We need to learn that our free time is not synonymous with our availability and that digital interaction can’t and will not fulfil our basic psychological needs.
And one of the most effective ways to break free from this norm is through becoming self-led — the ultimate goal of personal growth and development.
It means you no longer have your emotions governed by outside forces or your actions dictated by someone else’s expectations.
You know who you are outside the lines of what is and isn’t right according to the unspoken rules of today’s conformist culture, and you are empowered to guide yourself towards your highest aims, potential, capabilities and purpose.
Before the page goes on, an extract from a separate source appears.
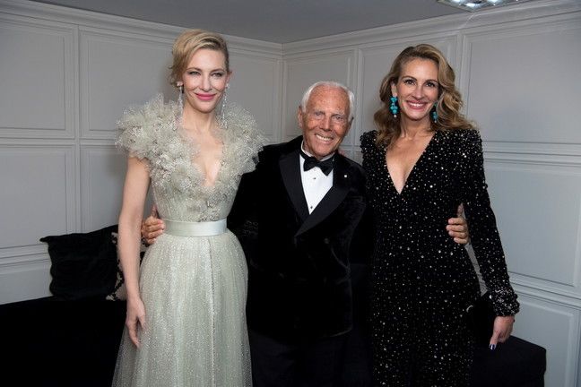 © Ufficio stampa|Giorgio Armani con Cate Blanchett e Julia Roberts (Photocredit Stefano Guindani)
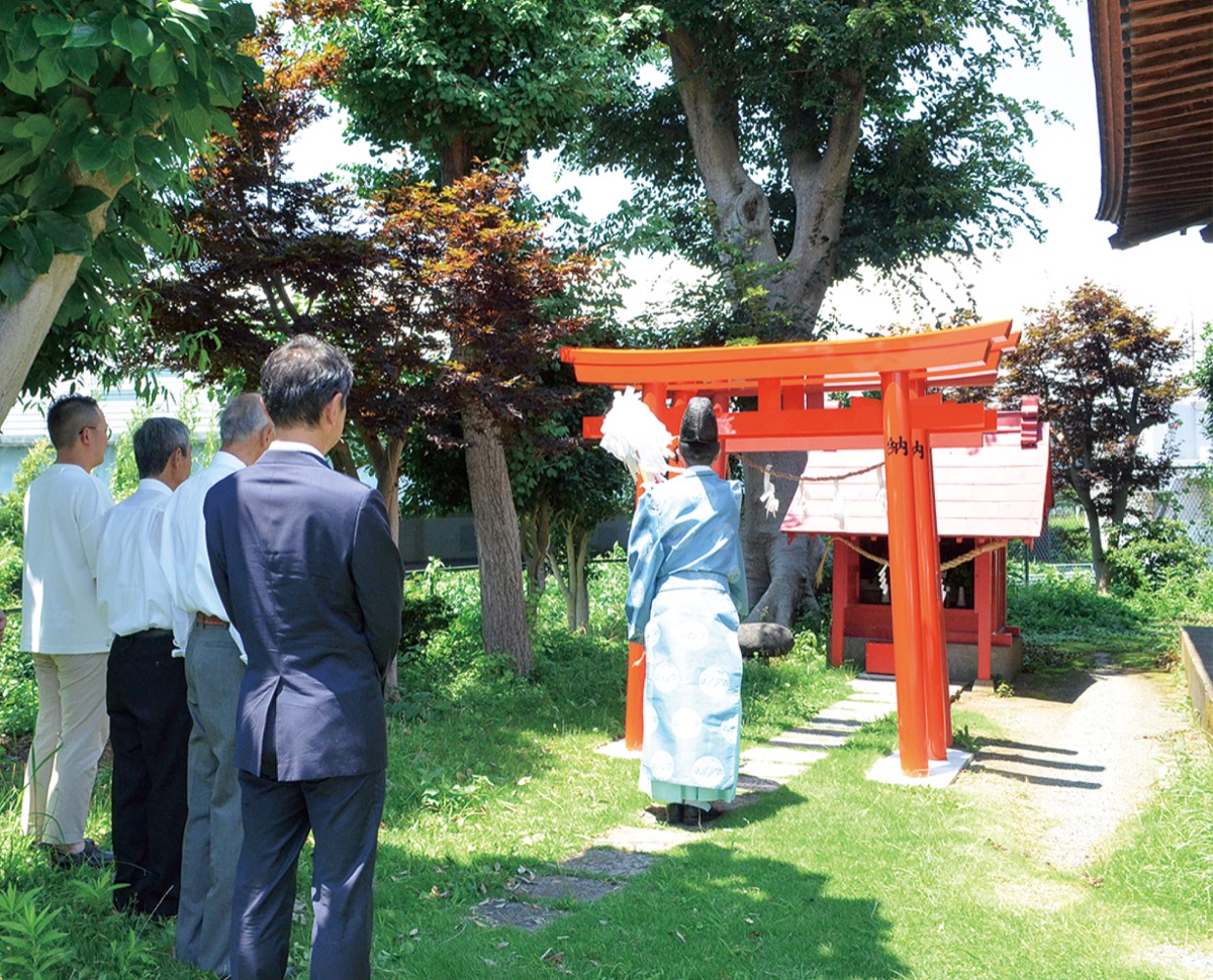 当日は宮司が祝詞を奏上。同社から宮川大輝常務取締役と和崎経昌さんが出席したほか、奉賛会の会員らが集まり、杉山神社に玉串を納めた。

Which is an absolutely essential mindset to adopt to be able to discern when you need to become more resilient and push through, or have reached your limit and need to rest.
So, I wanted to leave you with a question:
Is there really something wrong with you? Or are the behaviours and symptoms you experience a normal response to an abnormal situation?
Instead of beating yourself up and thinking that there’s something wrong with you, consider this: perhaps your body is begging you to listen.
Perhaps they’re reminders that you — and your nervous system — are deserving of some much-needed rest & recovery.
Give yourself permission to disconnect, to recharge and to do the things that fill your cup.
Try it; you might find that there’s nothing wrong with you at all — learning to embrace nuances like these is key.